■ About this exercise
Beginning with the line that holds "Hexagon stitch pattern" and ending with the last line below, please copy every line exactly, add nothing, and leave out the pictures.

Recorded information Start Marker

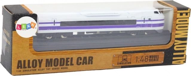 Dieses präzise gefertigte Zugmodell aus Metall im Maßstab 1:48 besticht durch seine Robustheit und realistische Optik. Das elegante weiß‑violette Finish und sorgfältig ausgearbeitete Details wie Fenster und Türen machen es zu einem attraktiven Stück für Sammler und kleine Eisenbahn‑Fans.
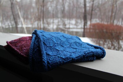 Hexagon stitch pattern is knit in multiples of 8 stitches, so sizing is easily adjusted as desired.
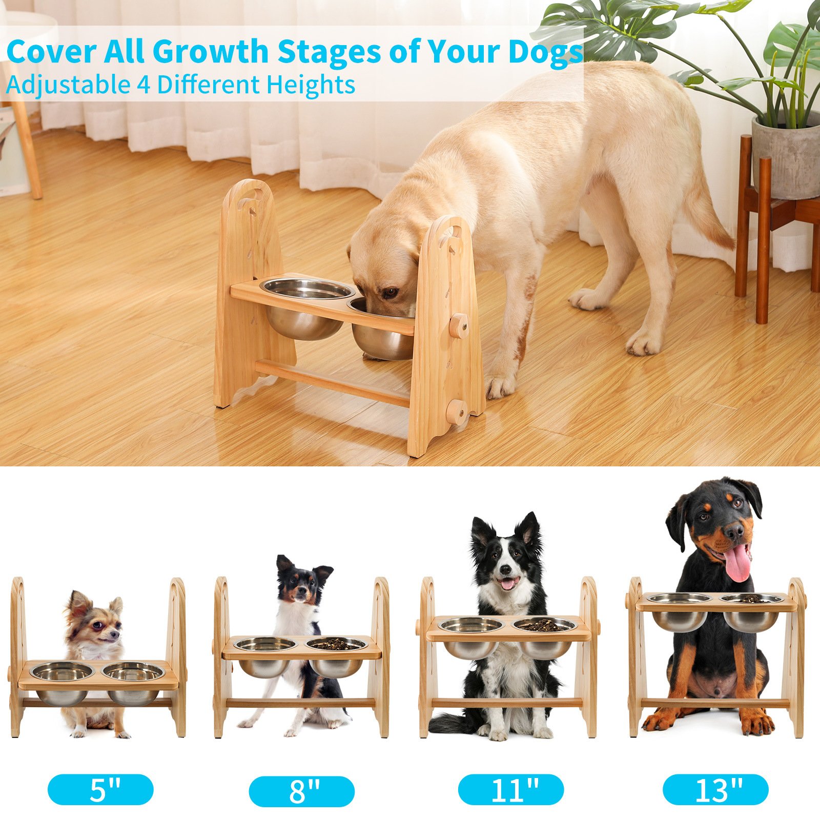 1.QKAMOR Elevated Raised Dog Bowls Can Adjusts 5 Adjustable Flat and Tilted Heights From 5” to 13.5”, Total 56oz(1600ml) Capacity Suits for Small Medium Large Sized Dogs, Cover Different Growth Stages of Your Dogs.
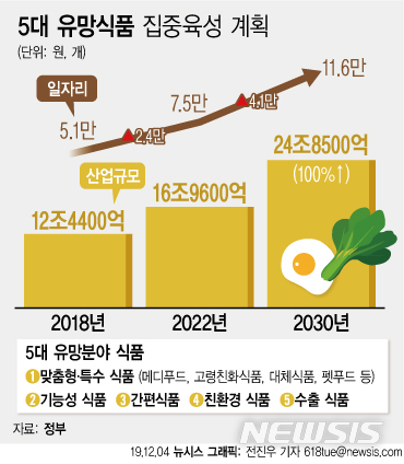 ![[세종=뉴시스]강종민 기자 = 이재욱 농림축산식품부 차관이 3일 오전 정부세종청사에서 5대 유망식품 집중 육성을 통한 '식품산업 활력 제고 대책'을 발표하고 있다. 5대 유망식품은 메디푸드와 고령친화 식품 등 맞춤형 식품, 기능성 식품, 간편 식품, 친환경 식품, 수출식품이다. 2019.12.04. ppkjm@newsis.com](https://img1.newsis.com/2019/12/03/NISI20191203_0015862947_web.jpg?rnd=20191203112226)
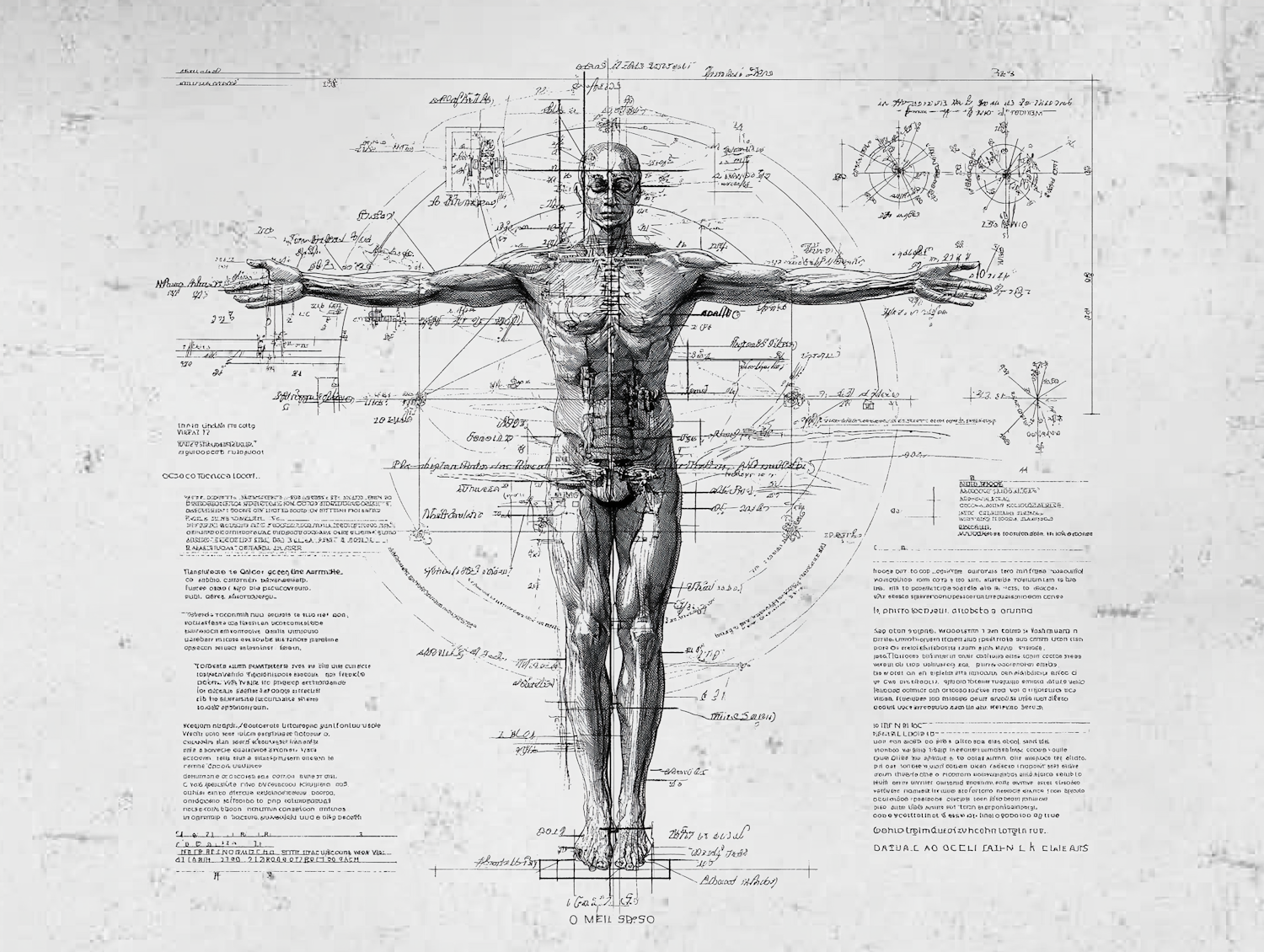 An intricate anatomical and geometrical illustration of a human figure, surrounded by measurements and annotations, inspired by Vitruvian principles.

Recorded information End Marker

■ Result below
 Hexagon stitch pattern is knit in multiples of 8 stitches, so sizing is easily adjusted as desired.
 1.QKAMOR Elevated Raised Dog Bowls Can Adjusts 5 Adjustable Flat and Tilted Heights From 5” to 13.5”, Total 56oz(1600ml) Capacity Suits for Small Medium Large Sized Dogs, Cover Different Growth Stages of Your Dogs.
 ![[세종=뉴시스]강종민 기자 = 이재욱 농림축산식품부 차관이 3일 오전 정부세종청사에서 5대 유망식품 집중 육성을 통한 '식품산업 활력 제고 대책'을 발표하고 있다. 5대 유망식품은 메디푸드와 고령친화 식품 등 맞춤형 식품, 기능성 식품, 간편 식품, 친환경 식품, 수출식품이다. 2019.12.04. ppkjm@newsis.com](https://img1.newsis.com/2019/12/03/NISI20191203_0015862947_web.jpg?rnd=20191203112226)
 An intricate anatomical and geometrical illustration of a human figure, surrounded by measurements and annotations, inspired by Vitruvian principles.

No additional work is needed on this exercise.